GSK is going to have to wait a little longer to start delivering a return on its $1.9 billion oncology bet. The FDA has delayed its ruling on the blood cancer candidate momelotinib by three months to provide time to review recently submitted data.
In a statement to disclose the delay, GSK said it “is confident in the momelotinib NDA and looks forward to working with the FDA as they finalize their review.” The statement lacks details of what additional data GSK submitted or an explanation of why it provided the FDA with the information.

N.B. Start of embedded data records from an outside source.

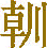 *朝zhāo12画 部 (1) 早晨: ~阳|~霞|~夕|~思暮想。 (2) 日;天: 今~|一~有事。 另见cháo(46页)。 朝 ☚ 倝部 㫃部 ☛ 朝1.zhāo 2.cháo1.zhāo 甲骨文象日和月在草或木中。象太阳在早晨刚升起时,还在地平线上草木中,月亮还没消失。小篆日字上下讹变,右旁从“舟”声。都误。是早晨义。如:朝夕|(学校)朝会。组词如:朝气。引申有日、天义。如:今朝。小篆日字旁上下讹变,右旁从舟,《说文》舟声,都误。 2.cháo 金文不从月旁,从水旁。这也是潮水的潮的本字。古书即用朝为潮。如:江汉朝宗于海。可能古人也知潮水涨落与日月的引力有关。引申有朝向义;向着,对着。如:坐北朝南|朝前走。引申为封建社会官员见皇帝。如:朝见|朝拜|朝圣(指宗教)。又引申为朝见之地。如:朝廷|上朝|早朝。又用于一姓皇帝传若干代统治的时代。称为朝代。如:唐朝|改朝换代。 朝★常◎常
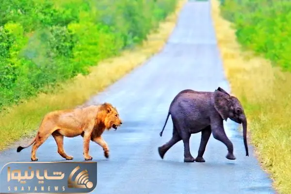 از جذابیت های حیات وحش؛ وقتی شیر با فیل دنبال بازی راه می اندازه فیل بدوو شیر بدوو
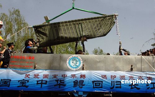 4月20日,在北京海洋馆疗养的因回游长江产卵而受伤的中华鲟已康复,准备从湖北荆州放归长江。同时,北京海洋馆“中华鲟康复中心”还将陆续收治受伤的野生中华鲟,治疗康复后再放归长江。中新社发 张宇 摄

Whatever the details, the upshot is the regulator’s decision date is now Sept. 16.
GSK shared details of the delay on the day it was originally due to receive the FDA ruling. The setback still leaves the U.S. as the likely location of the first approval for momelotinib, with the Big Pharma expecting (PDF) to learn whether the European Medicines Agency will recommend authorization by the end of the year.
Clinical data generated by Sierra Oncology before GSK paid $1.9 billion to buy the biotech suggest the asset has a good shot at winning approval. The phase 3 trial linked momelotinib, a JAK1, JAK2 and ACVR1 inhibitor, to improvements on a myelofibrosis symptom score compared with danazol. Participants had previously received Incyte and Novartis’ JAK inhibitor Jakafi.
One outstanding question ahead of the FDA decision is whether the product label will restrict the use of momelotinib to second-line patients with anemia. GSK’s base case for the Sierra buyout was that the FDA would approve momelotinib in patients with anemia who had previously received another JAK inhibitor.
Securing a first-line approval that would support a direct challenge to Jakafi could enable momelotinib to exceed GSK’s expectations. Asked by an analyst about that prospect earlier this year, Luke Miels, chief commercial officer at GSK, said (PDF), “I will have to bite my tongue.” The FDA delay means Miels will need to keep biting down for a while longer.